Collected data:
---+---
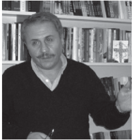
სჭირდებათ. ეს ცუდი არ არის, მათი უმეტესობაც არაჩვეულებრივი მწერალია, თუმცა პირადად მე ამას ვერიდები.

— რასაკვირველია, თუმცა ვცდილობ, ჩემს მკითხველს განსაკუთრებული მომზადება არ სჭირდებოდეს. მოგეხსენებათ, არიან ავტორები, ქართველებიც და უცხოელებიც, რომელთაც სპეციალურად მომზადებული მკითხველი
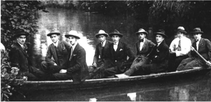
Чамци на Обници
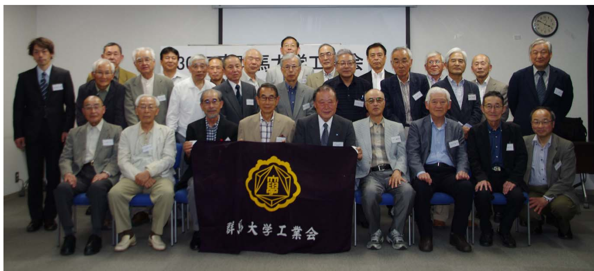
前列左から3人目、来賓の大河原連合支部長(46W)、(川崎)、三上副理事長(38W)
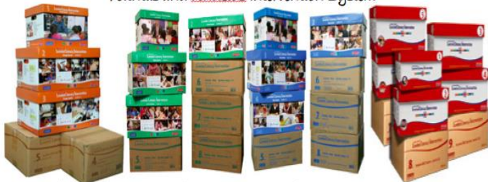
Orange Kit- Levels A-C, Green Kit- Levels A-J, Blue Kit- Levels C-N, Red Kit- Levels L-Q
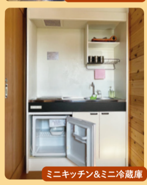
ミニキッチン&ミニ冷蔵庫
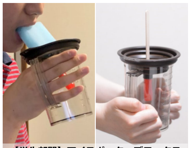
【学生部門】アイスポッターデラックス
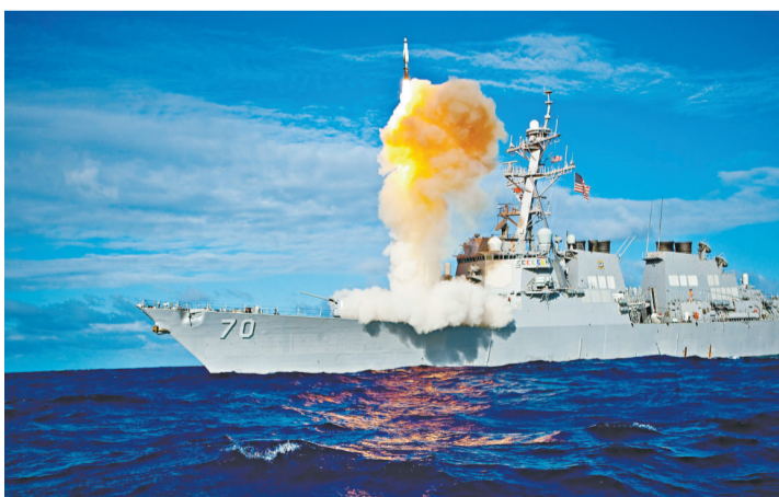
「霍珀」號導彈驅逐艦發射一枚導彈，隨後攔截了一枚從夏威夷發射的短程洲際彈道導彈

據介紹，三十日的試驗是美國軍方迄今為止利用裝備「宙斯盾」彈道導彈防禦系統的軍艦進行的第二十三次導彈防禦試驗，也是第十九次成功的試驗。
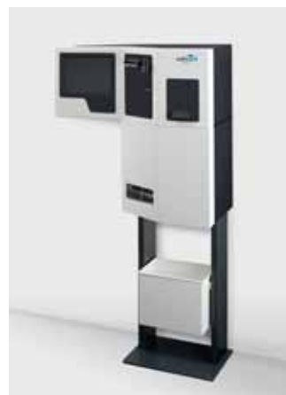
smart.BOOK® für Barzahlung auf Stativ mit Papierkorb
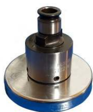
Piattello magnetico orientamento testa
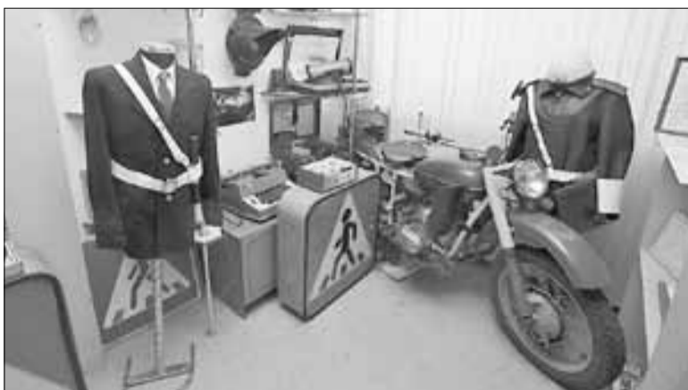
■ Мотоцикл и мундир – часть истории

Светофор старого образца имеет не очень яркие линзы и обычную электрическую лампочку внутри, в то время как в современных устройствах уже используются светодиодные лампы. Интересен как экспонат и сохранившийся пешеходный светофор.
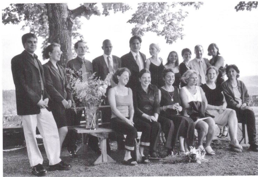
Maturaklasse 6c, Kurs 9
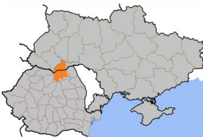
Bucovina suprapusă pe granițele actuale ale României și Ucrainei
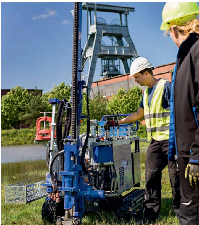
Fig. 2. Employment stimuli 2.

Bild 2. Beschäftigungsimpulse 2.
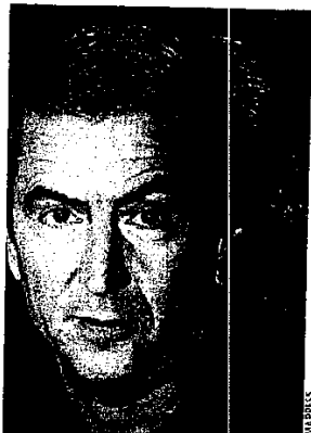
BHL a accédé aux sources de services secrets.

Le flamboyant Bernard-Henri Levy, qui a troqué la chemise blanche pour le tee-shirt noir, est à la diète médiatique depuis le début du conflit. Son Bloc-Notes publié en dernière page de l'hebdomadaire « Le Point » est suspendu depuis plusieurs semaines. La raison de ce silence ? Le lancement prochain de son nouveau livre, une enquête consacré au journaliste du « Wall Street Journal » Daniel Pearl, décapité au Pakistan par des membres d'Al-Qaeda. BHL a eu accès aux plus hautes sources des services secrets français, américains et pakistanais pour mener son investigation. Disponible en librairie le 22 avril prochain et à partir du 11 pour une poignée de journalistes, ce dernier opus sobrement titré « Qui a tué Daniel Pearl ? » devrait rencontrer le même succès que son cadet « Réflexions sur la Guerre, le Mal et la fin de l'Histoire » qui avait dépassé les cent mille exemplaires vendus. La locomotive BHL sera l'occasion de dynamiser un marché de l'édition en très net repli, les cent meilleures ventes de littérature générale affichant une baisse de 13 % depuis le 13 mars (source Ipsos).
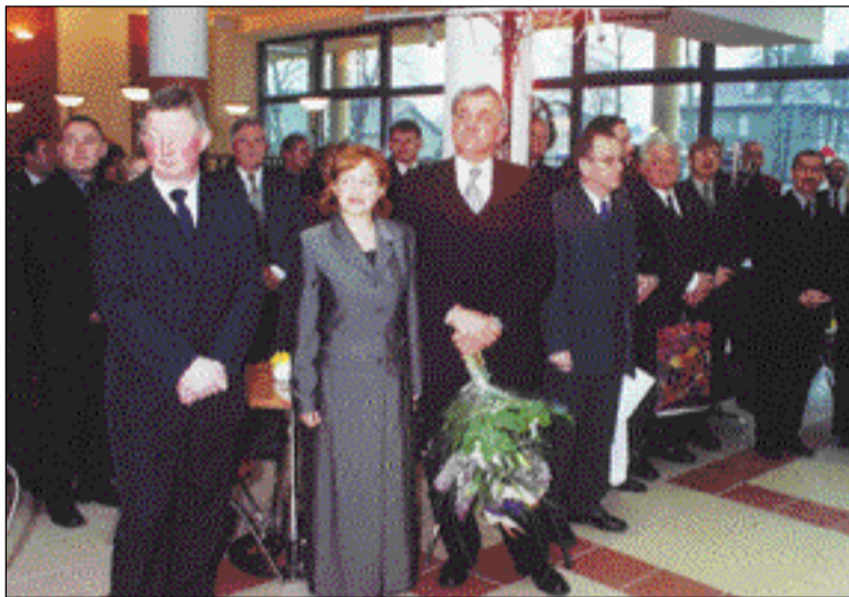
Uroczystość otwarcia zgromadziła wielu znamienitych gości.

MIESIĘCZNIK SPOŁECZNO-KULTURALNY BIERUNIA
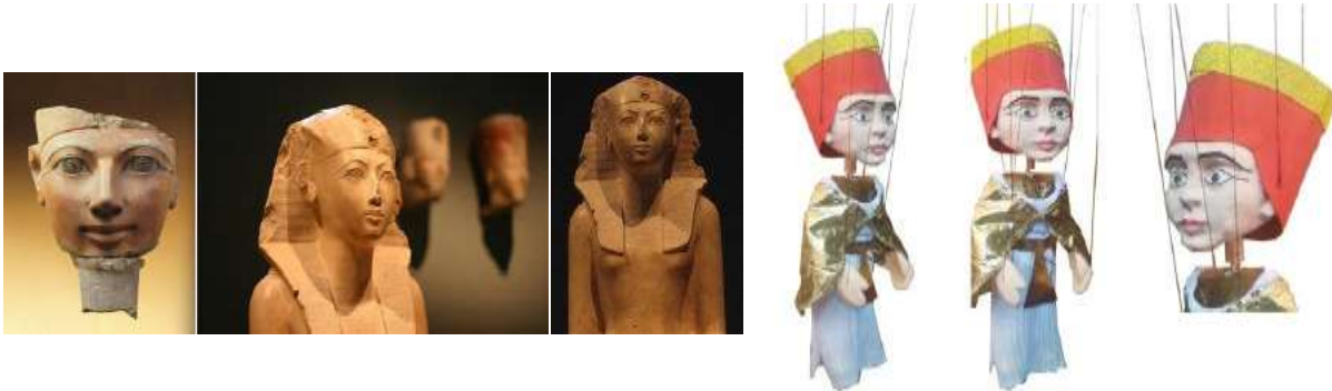
شكل(٣٢) نموذج توضيحي لدمية الملكة حتشبسوت، صورة لبعض تماثيل الملكة حتشبسوت

شكل(٣١) نموذج توضيحي لدمية الملك تحتمس الثالث، صورة لبعض تماثيل الملك تحتمس الثالث يلاحظ أن نحت وتفاصيل الوجه ولون البشرة لا يوضح إذا كانت الدمية مذكرة أم مؤنثة بإستثناء اللحية الصناعية المركبة والتي لا تشبه لحي القدماء المصريين ولكن وضع المصمم مجرد ضفيرة للدلالة عليها في وجه الدمية.
---+---
EXERCISE:
Lines wanted from the entries above: the one with "სპეციალურად მომზადებული მკითხველი", the one with "Piattello magnetico orientamento testa", and all lines between. Please copy them exactly, without the pictures and without anything else.

ANSWER SECTION:
— რასაკვირველია, თუმცა ვცდილობ, ჩემს მკითხველს განსაკუთრებული მომზადება არ სჭირდებოდეს. მოგეხსენებათ, არიან ავტორები, ქართველებიც და უცხოელებიც, რომელთაც სპეციალურად მომზადებული მკითხველი
Чамци на Обници
前列左から3人目、来賓の大河原連合支部長(46W)、(川崎)、三上副理事長(38W)
Orange Kit- Levels A-C, Green Kit- Levels A-J, Blue Kit- Levels C-N, Red Kit- Levels L-Q
ミニキッチン&ミニ冷蔵庫
【学生部門】アイスポッターデラックス
「霍珀」號導彈驅逐艦發射一枚導彈，隨後攔截了一枚從夏威夷發射的短程洲際彈道導彈

據介紹，三十日的試驗是美國軍方迄今為止利用裝備「宙斯盾」彈道導彈防禦系統的軍艦進行的第二十三次導彈防禦試驗，也是第十九次成功的試驗。
smart.BOOK® für Barzahlung auf Stativ mit Papierkorb
Piattello magnetico orientamento testa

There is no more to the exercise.